RECORDS SHOWN:
____________
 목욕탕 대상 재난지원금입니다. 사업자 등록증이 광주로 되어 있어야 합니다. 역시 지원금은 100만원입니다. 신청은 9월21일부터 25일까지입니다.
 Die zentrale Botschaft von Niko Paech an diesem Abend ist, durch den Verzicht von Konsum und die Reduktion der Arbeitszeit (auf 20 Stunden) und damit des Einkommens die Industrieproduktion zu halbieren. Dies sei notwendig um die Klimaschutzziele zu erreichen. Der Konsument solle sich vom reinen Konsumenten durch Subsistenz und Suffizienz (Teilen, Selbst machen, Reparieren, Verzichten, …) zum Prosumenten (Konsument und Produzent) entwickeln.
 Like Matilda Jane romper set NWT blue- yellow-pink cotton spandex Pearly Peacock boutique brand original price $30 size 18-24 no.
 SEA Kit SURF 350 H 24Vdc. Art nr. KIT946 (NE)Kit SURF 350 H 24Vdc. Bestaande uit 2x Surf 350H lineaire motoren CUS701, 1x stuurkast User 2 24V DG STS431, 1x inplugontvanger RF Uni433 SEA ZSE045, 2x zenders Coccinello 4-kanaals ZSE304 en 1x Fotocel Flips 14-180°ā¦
____________
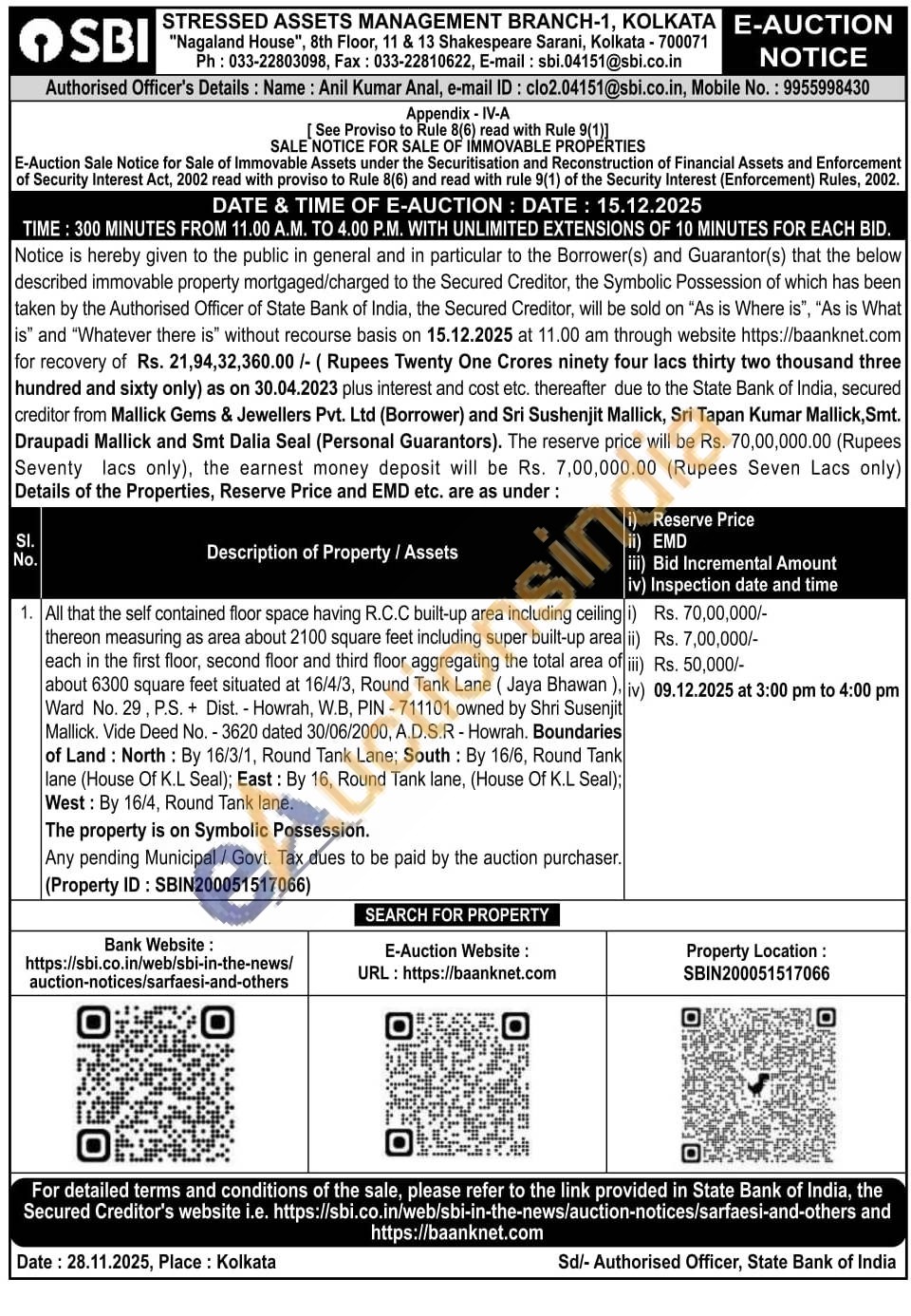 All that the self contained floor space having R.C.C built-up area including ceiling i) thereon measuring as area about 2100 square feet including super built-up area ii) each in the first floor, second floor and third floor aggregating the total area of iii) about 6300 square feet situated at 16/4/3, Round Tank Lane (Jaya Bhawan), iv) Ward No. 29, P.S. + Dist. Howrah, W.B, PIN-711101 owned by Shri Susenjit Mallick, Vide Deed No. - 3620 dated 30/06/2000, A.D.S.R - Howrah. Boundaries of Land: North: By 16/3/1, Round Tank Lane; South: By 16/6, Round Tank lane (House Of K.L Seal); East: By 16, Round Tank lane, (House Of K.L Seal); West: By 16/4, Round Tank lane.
____________
ASSIGNMENT:
Above are the records. Copy the lines beginning at the one that has "Like Matilda Jane" and ending with the one that has "SEA Kit SURF", unchanged.

SOLUTION TO THE EXERCISE:
 Like Matilda Jane romper set NWT blue- yellow-pink cotton spandex Pearly Peacock boutique brand original price $30 size 18-24 no.
 SEA Kit SURF 350 H 24Vdc. Art nr. KIT946 (NE)Kit SURF 350 H 24Vdc. Bestaande uit 2x Surf 350H lineaire motoren CUS701, 1x stuurkast User 2 24V DG STS431, 1x inplugontvanger RF Uni433 SEA ZSE045, 2x zenders Coccinello 4-kanaals ZSE304 en 1x Fotocel Flips 14-180°ā¦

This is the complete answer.